Thursday, February 27, 2014

Leaks show GCHQ captured ordinary internet users' webcam images - Financial Times


File image of Lobban attending an Intelligence and Security Committee hearing at Parliament in London©Reuters

Sir Iain Lobban, head of GCHQ, testifying before MPs



GCHQ, Britain’s electronic spying agency, intercepted and stored images of 1.8m Yahoo users taken from their personal webcams even though most of them were not suspected of wrongdoing, documents leaked by the whistleblower Edward Snowden show.


A secret programme called “Optic Nerve”, run in conjunction with the US National Security Agency, recorded millions of webcam images from ordinary internet users – as many as one in 10 of them sexually explicit – “in bulk”, the UK’s Guardian newspaper reported on Thursday.


“Optic Nerve” tapped into Yahoo users’ accounts and took still images from their computer webcams every five minutes.


Yahoo reacted angrily to the revelations, denying all knowledge. A spokesperson for the company said the covert surveillance programme represented “a whole new level of violation of our users’ privacy”.


Security analysts say GCHQ may have collected the webcam images to help link potential terror suspects or criminals with different accounts and communications platforms they used on other computers.

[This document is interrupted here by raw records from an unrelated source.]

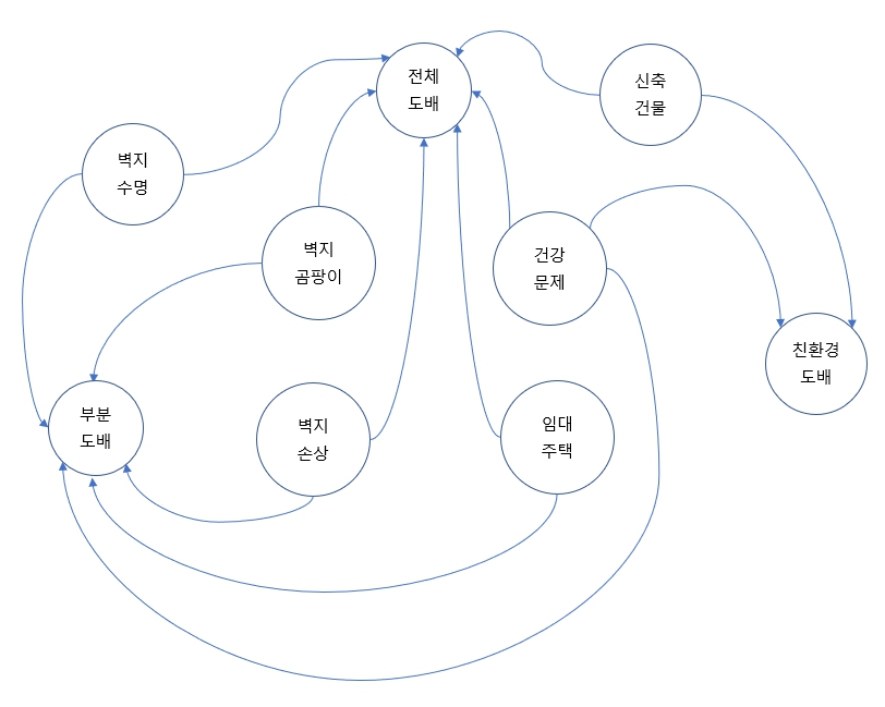 도배할 면적 또는 공간에 따라서 전체 도배와 부분 도배로 나눌 수 있습니다. 찍히고, 찢어지고, 떨어지고, 색상이 변하는 벽지 손상과, 이물질과 벽지 곰팡이로 인해 벽지의 기능을 충분히 하지 않을 경우, 그 부분만 할지, 전체를 할 지에 대해 고민을 해야 합니다. 벽지의 묻은 이물질, 알레르기등의 건강상의 이유로도 전체, 부분 도배 또는 친환경 도배를 해야 할 것입니다.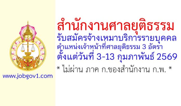 สำนักงานศาลยุติธรรม รับสมัครจ้างเหมาบริการรายบุคคล ตำแหน่งเจ้าหน้าที่ศาลยุติธรรม 3 อัตรา ตั้งแต่วันที่ 3-13 กุมภาพันธ์ 2569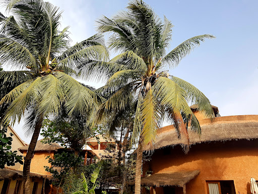 une manière originale de séjourner à Saly . 4 petites villas dans un jardin clos avec piscine , un service avec du personnel pour le ménage et les repas . Un côté africain dan les maisons très chouette , au coeur du village à 20 m de la plage . A gauche les hotels ( bof ), à droite les résidences (plage sympa. ).On mange divinement bien de la cuisine local . ||Charmant , à recommander et pratique avec les enfants .||Seul bémol, un peu bruyant parfois à cause de la prière dans le village , pas mal de poussière sur saly . Piscine et mer fraiche à cette époque . Un bon rapport...
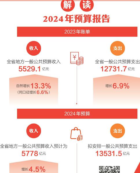 《预算报告》显示,2023年全省地方一般公共预算收入5529.1亿元,自然增长13.3%(同口径增长6.6%);一般公共预算支出12731.7亿元,增长6.9%。收入和支出规模分别站上5000亿元和1.2万亿元的新台阶。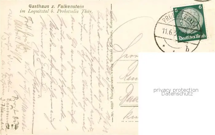 73807875 Probstzella Gasthaus zum Falkenstein Loquitztal Probstzella postalisch gelaufen 1933 Erhaltung siehe scans [FriedD77] [Frierer ]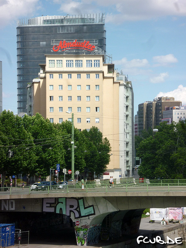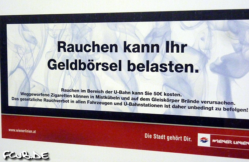 Nach einer Kneipentour, die in erster Linie vor verschlossenen Kneipen ("Sperrstunde") entlangführte, war es auch für mich Zeit, Abschied von der Stadt Wien zu nehmen. Während der Rest der FUDU-Besatzung mit einem freien Montag gesegnet war und noch einmal in die Ferienwohnung zurückkehrte, machte ich mich auf dem Weg zum Flughafen. Ein kleines Nickerchen am Airport, dann in den 6.20 Uhr Flieger steigen, um dann gegen 13 Uhr auf der Arbeit einzutrudeln. Soweit der Plan. Leider endete die Anreise jedoch gegen 1.00 Uhr am Bahnhof Wien-Mitte, mit der Erkenntnis, dass die erste S-Bahn zum Flughafen erst um 4.30 Uhr fährt. Die Gastrokette Vapiano war jedoch offenbar in dem festen Glauben daran, dass es in Wien keine Asozialen gibt, die sich nachts vor Bahnhöfen in Restaurants legen, so freundlich, ihre gepolsterten Sitzmöbel draußen stehen zu lassen und mich zur Nachtruhe zu bitten. Nett.
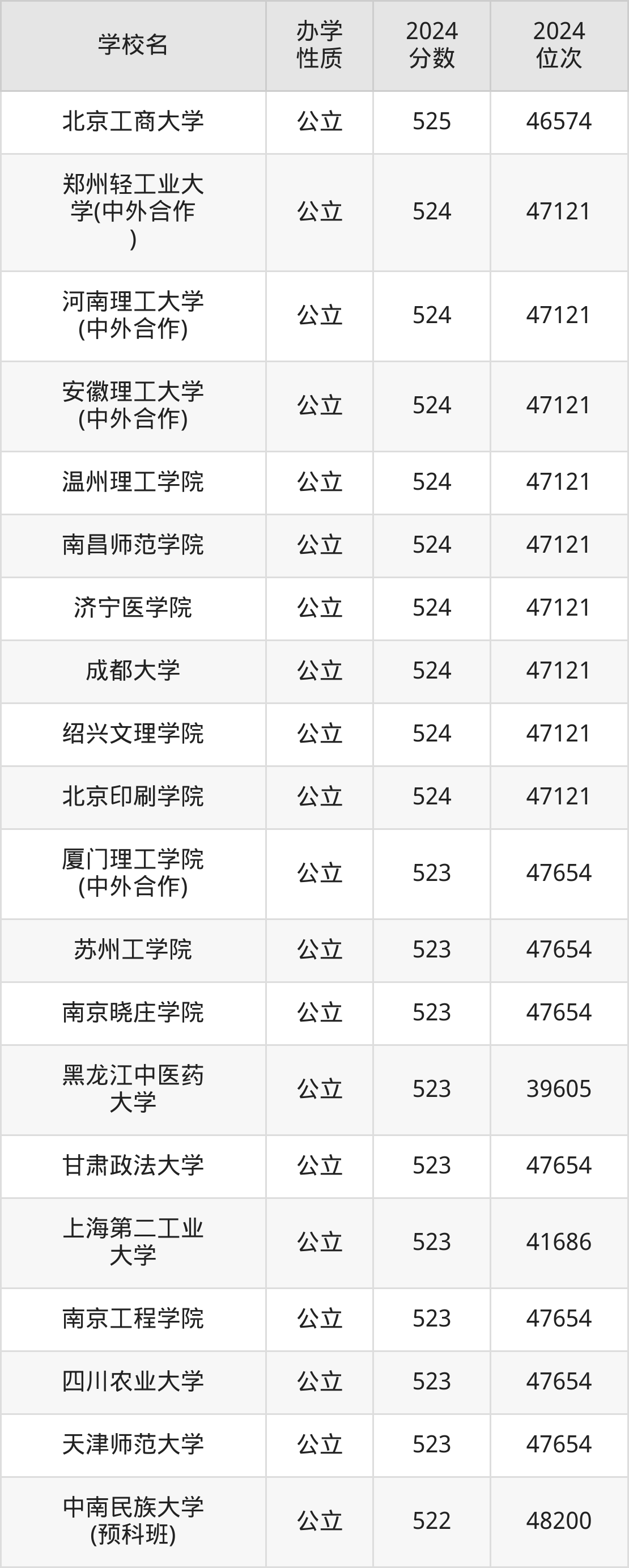 | 郑州轻工业大 学(中外合作 ) | 524 | 47121 |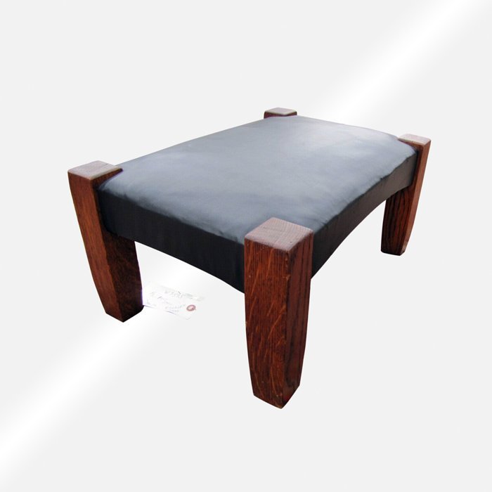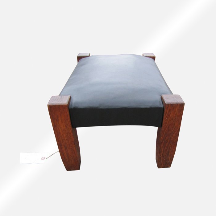 This is an antique STICKLEY BROTHER foot stool from the early 1900s Unsigned. The stool in a good condition with original cleaned finish, has been recover with top quality black leather filled with cotton and hair.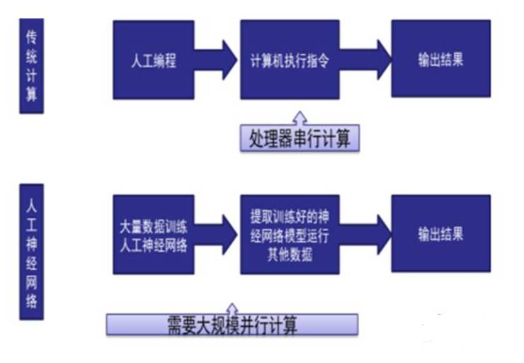 深度学习与传统计算模式不同,最大的区别是不以执行指令为目的,但需要大量并行计算资源,因此需要专门的计算芯片来加速计算。实际上无论是前端智能摄像头还是后端结构化服务器,其额外增加的硬件资源核心目的实质上都是为了增加计算能力。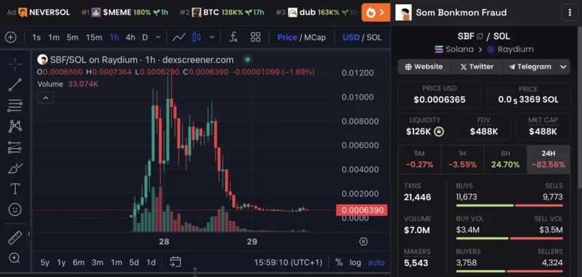 A FTX não foi a única memecoin a vivenciar essa jornada extraordinária após a decisão judicial de SBF. Outro projeto, desenvolvido na Solana, também surfou a onda e se beneficiou da condenação. Chamada de Som Bonkman Fraud, a memecoin viu seu valor disparar 18.000% e depois despencar 98%.

The “Optic Nerve” disclosure is the latest from the huge cache of secret documents that Mr Snowden – a former private security contractor – stole from the NSA last year. Mr Snowden is now a fugitive in Russia.


“It is a longstanding policy that we do not comment on intelligence matters,” a spokesperson for GCHQ said.


“Furthermore, all of GCHQ’s work is carried out in accordance with a strict legal and policy framework which ensures that our activities are authorised, necessary and proportionate, and that there is rigorous oversight, including from the secretary of state, the Interception and Intelligence Services Commissioners and the Parliamentary Intelligence and Security Committee,” they added.


Separately on Thursday, parliament’s home affairs select committee issued a summons compelling the man in charge of judicial oversight of the UK’s intelligence agencies to appear before it and give evidence.


Sir Mark Waller, the intelligence services commissioner, has been ordered to appear on 18 March. Sir Mark had earlier refused an invitation to attend the committee and give evidence on his oversight of the intelligence agencies.


GCHQ’s head, Sir Iain Lobban, has previously defended the agency’s data-collection methods as being akin to looking for needles in “an enormous hay field”.


The agency only aims to “collect hay” from “those parts of the field which might be lucrative in terms of containing needles or fragments of needles” in a “tiny proportion” of the whole field, Sir Iain told parliament’s Intelligence and Security Committee last year.


Yahoo has been a vocal member of the coalition lobbying world governments to limit their authority over user information and increase transparency over what the security agencies do access.


A Yahoo spokesperson said: “We were not aware of, nor would we condone this reported activity. This report, if true, represents a whole new level of violation of our users’ privacy that is completely unacceptable and we strongly call on the world’s governments to reform surveillance law consistent with the principles we outlined in December. We are committed to preserving our users’ trust and security and continue our efforts to expand encryption across all of our services.”


Marissa Mayer, Yahoo chief executive, said late last year the company would fight hard to preserve the trust users place in it. She announced that Yahoo would encrypt all its products, a process which is still ongoing. “There is nothing more important to us than protecting our users’ privacy,” she said.